In recent interim results, Carnegie posted a $64 million loss, including a $35 million write-down of its most valuable asset — the intellectual property of its CETO technology, which was first developed in 2003.


It has lost two long-serving executives this year — chief financial officer Aidan Flynn and chief operating officer Greg Allen.


Its share price has dropped from highs of 25 cents more than nine years ago to around 1.4 cents today.


Carnegie Wave Energy CETO pump


PHOTO: Carnegie Wave Energy's CETO pump for the submersible buoys (Supplied: ABC Radio)


Many of its once-faithful investors have become angry at the company over the loss of shareholder value and what they allege have been failures in due diligence and misleading information about projects.

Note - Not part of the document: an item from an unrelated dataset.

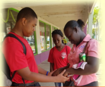
Camp evangelists pray with a passer-by in Ocho Rios

Carnegie's directors include former AFL commissioner Mike Fitzpatrick — a big shareholder — and well-connected chief executive Mike Ottaviano, who took home a pay package of more than $780,000 in 2016-17.


The company has never turned a profit, which is not unusual for a company still trying to commercialise its technology. But shareholders have voiced their concern about a recent announcement Carnegie was selling a majority stake in its solar microgrid company, Energy Made Clean (EMC), at a 75 per cent loss.


Long before this announcement, others had made complaints to corporate watchdog the Australian Securities and Investments Commission (ASIC) alleging the company had misled the market, including over a project for the WA government in Albany. ASIC is looking into those complaints in line with their policy.


"CCE is deliberately misleading the Australian public and shareholders about projects," one complaint alleged.


"CCE constantly use optimistic and attention-demanding phrases in making announcements to the market.


"Unless investors are astute in the electricity market we will continue to be misled on CCE value."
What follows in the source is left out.